IPA過去問ドリル

平成22年度 春期 データベーススペシャリスト試験 午前Ⅱ 問5

テクノロジ/データベース

“学生は,学期が異なれば同じ授業科目を何度でも履修できる”を適切に表現しているデータモデルはどれか。ここで,モデルの表記法にはUMLのクラス図を用いる。

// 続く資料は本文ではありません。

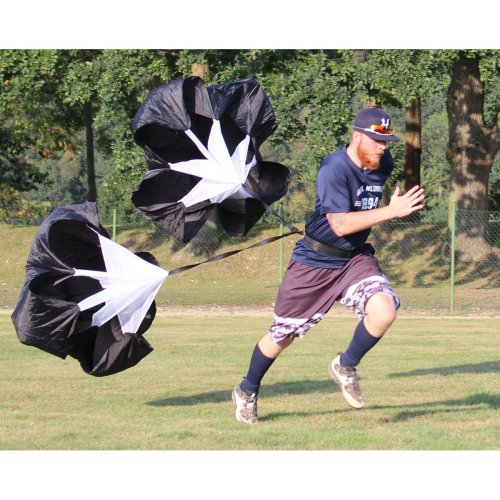 Brzdiaci padák Merco Resistance vám pomocou progresívneho odporu pomôže zdokonaliť silový aj rýchlostný tréning spodnej polovice tela. Zaujímavosťou je, že odpor vzduchu spôsobí spätnú ťažnú silu, takže čím rýchlejšie bežíte, tým väčšia je práve táto ťahová sila. Okrem nárastu dynamiky a vytrvalosti vedie používanie odporového padáku Merco Resistance aj k zdokonaleniu dĺžky a frekvencie kroku, čím je dosiahnutá maximálna finálna rýchlosť. Súčasťou padáku Merco Resistance sú všité panely zo sieťoviny, ktoré zaistia, aby sa ťažné popruhy nezamotávali a stabilizujú padák v priebehu pohybu pre optimálny záber padáku . Brzdiaci padák Merco Resistance je vyrobený z vodeodolného polyesteru, jeho priemer je 140 cm = odpor približne 30 lb (14 kg) a je vybavený 160 cm dlhým polyesterovým popruhom s plastovou prackou, ktorý ľahko a rýchlo pripnete k 5 cm širokému bedrovému pásu s možnosťou nastavenie obvodu až do 110 cm. Balenie odporového padáku Merco Double Resistance obsahuje dva tieto padáky a ako tréningová pomôcka je ideálna pre všetkých športovcov, ktorí potrebujú až dvakrát rýchlejšie zlepšiť rýchlosť a silu spodnej polovice tela pomocou behu.
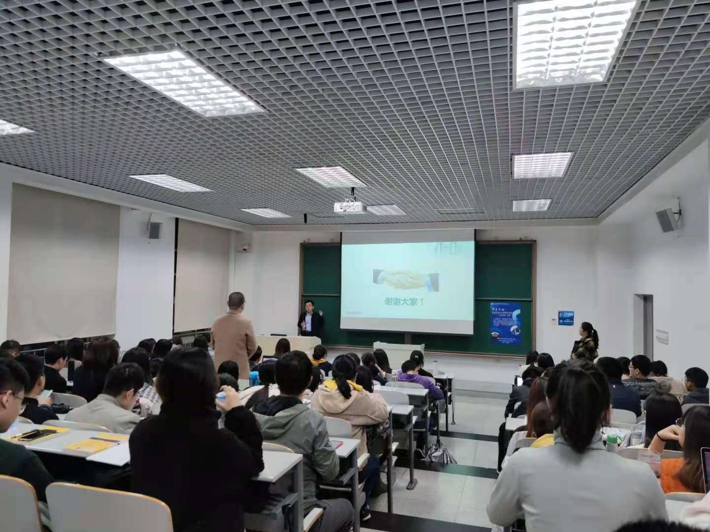 讲座现场,杨哲博士以现实生活中普通人办理金融业务的方式演变为切入点,结合自身工作实践详细介绍场景金融的演变、商业银行场景金融的发展现状与未来趋势,并就师生所提的相关问题给予了详尽细致的回答。杨哲博士的讲座,使同学们积累了场景金融领域的相关知识,拓宽了视野,为课题研究和未来的职业方向选择提供了很好的帮助。
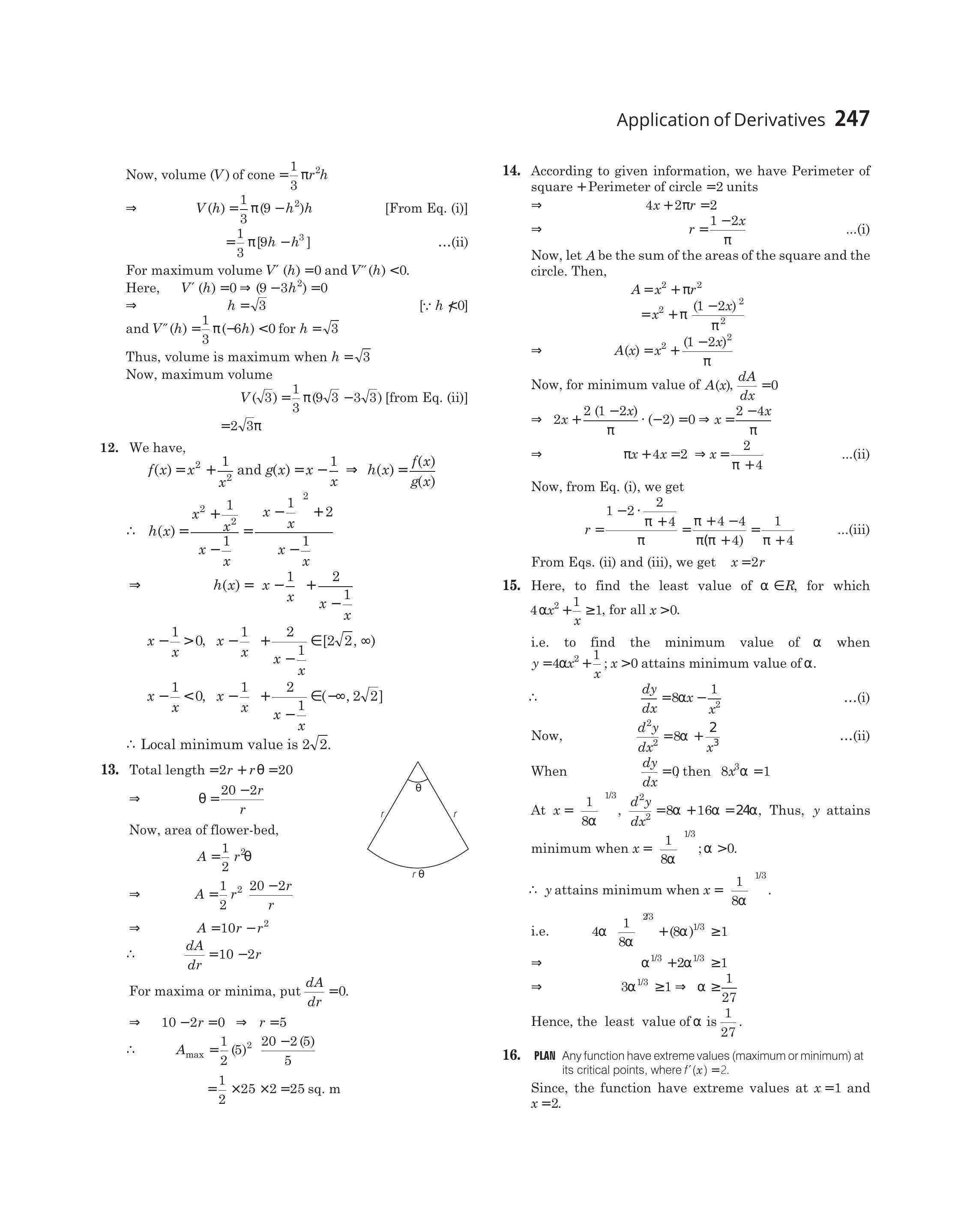 $ \begin{aligned} \Rightarrow \quad 10-2 r & =0 \Rightarrow r=5 \\ \therefore \quad A_{\max } & =\frac{1}{2}(5)^{2} [\frac{20-2(5)}{5}] \\ & =\frac{1}{2} \times 25 \times 2=25 \text { sq. } \mathrm{m} \end{aligned} $

平成22年度 春期 データベーススペシャリスト試験 午前Ⅱ 問5の図

出典:平成22年度 春期 データベーススペシャリスト試験 午前Ⅱ 問5

正解:エ

解説

“学期が異なれば同じ授業科目を何度でも履修できる”ということは,学生と授業科目の間の“履修する”という関連が,学期によって区別される多対多の関連であることを意味します。図エのように,“履修する”という関連自体を関連クラス(association class)として“学期”を関連付けることで,同じ学生・同じ授業科目の組合せであっても学期が異なれば別の履修(関連インスタンス)として記録できます。

選択肢ごとの解説

  • 誤り。学期と学生の間に1対多の関連を設定すると,一人の学生はある一つの学期にしか属さないことになってしまい,学期をまたいで同じ科目を繰り返し履修する状況を適切に表現できません。
  • 誤り。学生と授業科目の間の“履修する”関連に対して学期を依存クラスのように付加しただけの表記では,学期ごとに異なる履修を区別して記録する構造として明確に表現できません。
  • 誤り。学生と学期の間に1対多(1,*)の関連を設定すると,一人の学生は一つの学期にしか対応できなくなり,複数の学期にわたって科目を履修する状況を適切に表現できません。
  • 正しい。“履修する”関連を関連クラスとし,そこに“学期”を関連付けることで,同じ学生と同じ授業科目の組合せでも,学期が異なれば別の履修として何度でも記録することができます。